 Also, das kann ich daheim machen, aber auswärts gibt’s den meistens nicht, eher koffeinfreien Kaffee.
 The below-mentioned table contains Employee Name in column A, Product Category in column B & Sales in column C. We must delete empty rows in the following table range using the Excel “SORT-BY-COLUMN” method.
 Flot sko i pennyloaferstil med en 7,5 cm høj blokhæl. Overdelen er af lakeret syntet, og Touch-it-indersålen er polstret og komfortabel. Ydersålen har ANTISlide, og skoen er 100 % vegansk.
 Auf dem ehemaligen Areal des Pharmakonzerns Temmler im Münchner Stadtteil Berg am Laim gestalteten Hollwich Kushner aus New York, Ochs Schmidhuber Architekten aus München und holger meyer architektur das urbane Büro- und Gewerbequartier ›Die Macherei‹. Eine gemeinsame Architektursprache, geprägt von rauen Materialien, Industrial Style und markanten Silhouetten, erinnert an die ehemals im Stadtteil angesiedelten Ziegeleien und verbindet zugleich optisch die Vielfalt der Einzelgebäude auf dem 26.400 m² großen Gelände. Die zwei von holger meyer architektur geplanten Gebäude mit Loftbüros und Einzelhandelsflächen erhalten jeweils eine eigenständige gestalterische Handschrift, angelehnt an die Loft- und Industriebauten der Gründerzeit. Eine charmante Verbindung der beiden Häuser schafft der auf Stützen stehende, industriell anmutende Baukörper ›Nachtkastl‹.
---
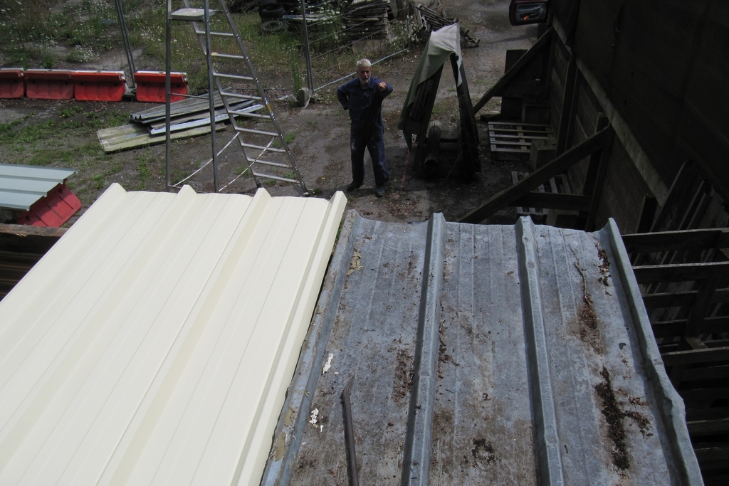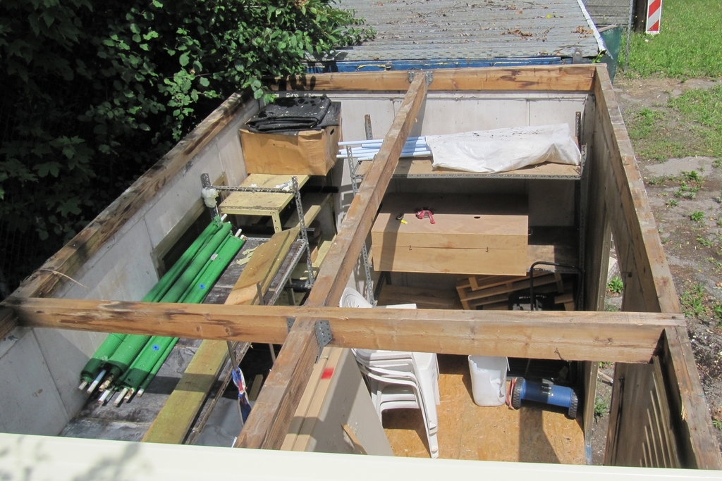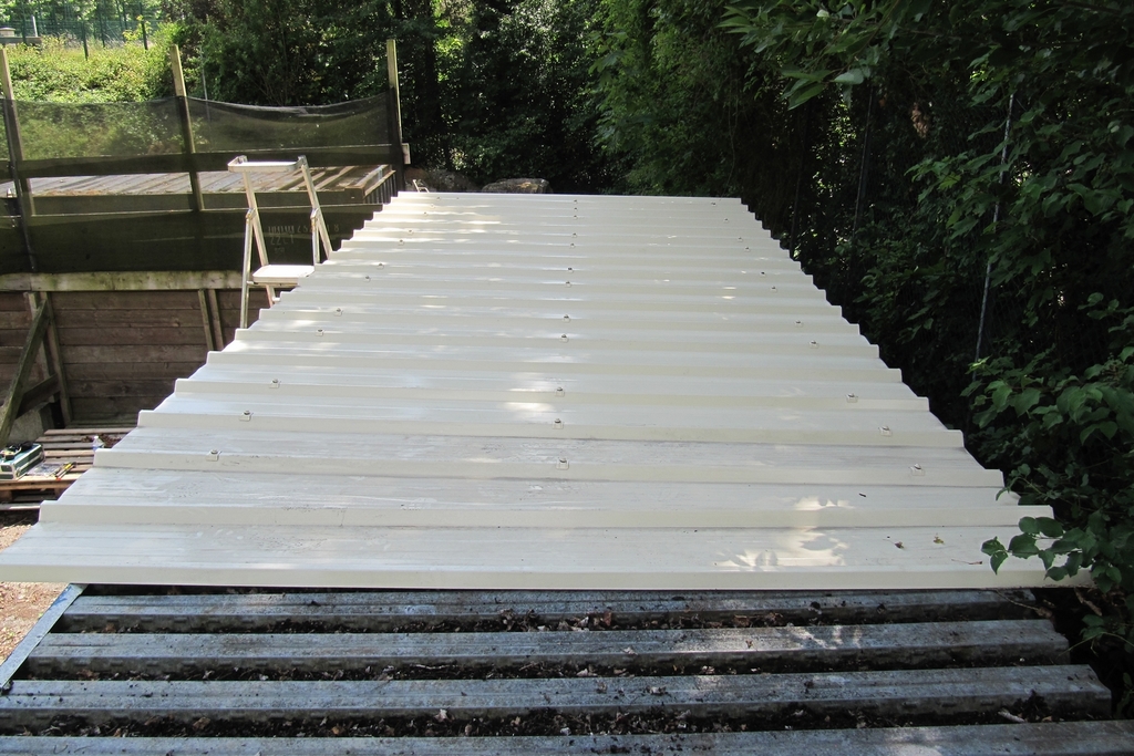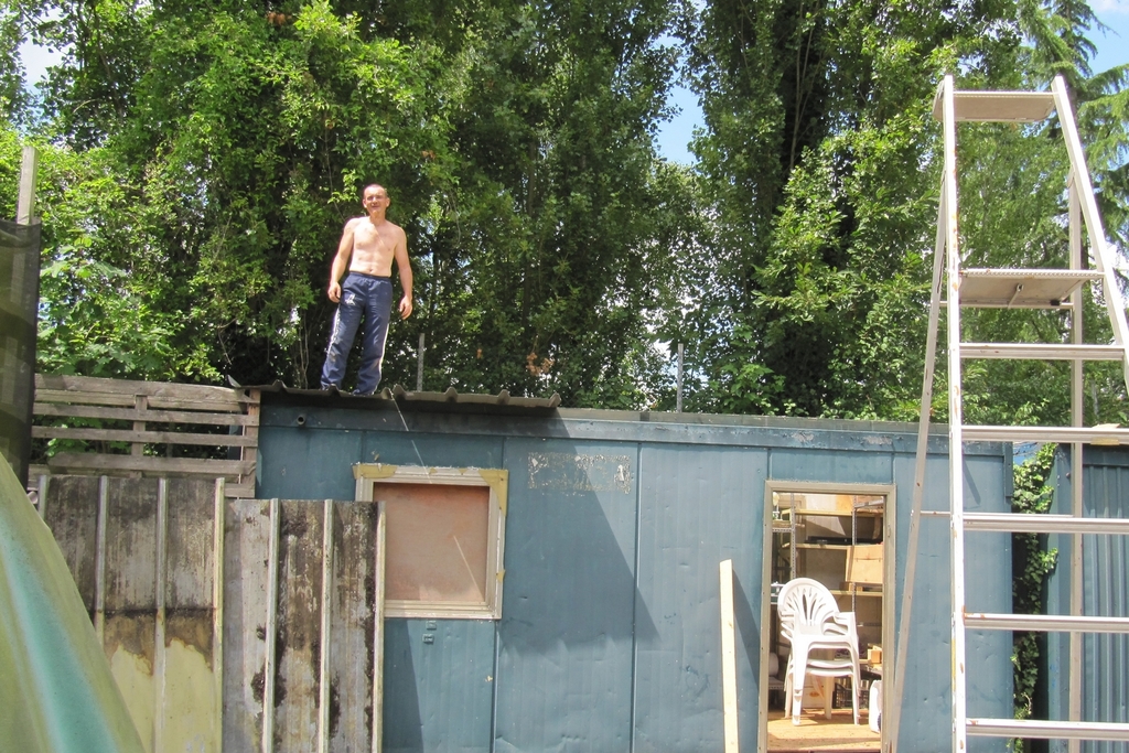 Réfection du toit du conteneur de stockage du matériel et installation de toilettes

__What this task involves__
Copy range, inclusive: the line holding "Also, das kann" to the line holding "Auf dem ehemaligen". Reproduce exactly those lines of the records above and no others.

__Answer section__
 Also, das kann ich daheim machen, aber auswärts gibt’s den meistens nicht, eher koffeinfreien Kaffee.
 The below-mentioned table contains Employee Name in column A, Product Category in column B & Sales in column C. We must delete empty rows in the following table range using the Excel “SORT-BY-COLUMN” method.
 Flot sko i pennyloaferstil med en 7,5 cm høj blokhæl. Overdelen er af lakeret syntet, og Touch-it-indersålen er polstret og komfortabel. Ydersålen har ANTISlide, og skoen er 100 % vegansk.
 Auf dem ehemaligen Areal des Pharmakonzerns Temmler im Münchner Stadtteil Berg am Laim gestalteten Hollwich Kushner aus New York, Ochs Schmidhuber Architekten aus München und holger meyer architektur das urbane Büro- und Gewerbequartier ›Die Macherei‹. Eine gemeinsame Architektursprache, geprägt von rauen Materialien, Industrial Style und markanten Silhouetten, erinnert an die ehemals im Stadtteil angesiedelten Ziegeleien und verbindet zugleich optisch die Vielfalt der Einzelgebäude auf dem 26.400 m² großen Gelände. Die zwei von holger meyer architektur geplanten Gebäude mit Loftbüros und Einzelhandelsflächen erhalten jeweils eine eigenständige gestalterische Handschrift, angelehnt an die Loft- und Industriebauten der Gründerzeit. Eine charmante Verbindung der beiden Häuser schafft der auf Stützen stehende, industriell anmutende Baukörper ›Nachtkastl‹.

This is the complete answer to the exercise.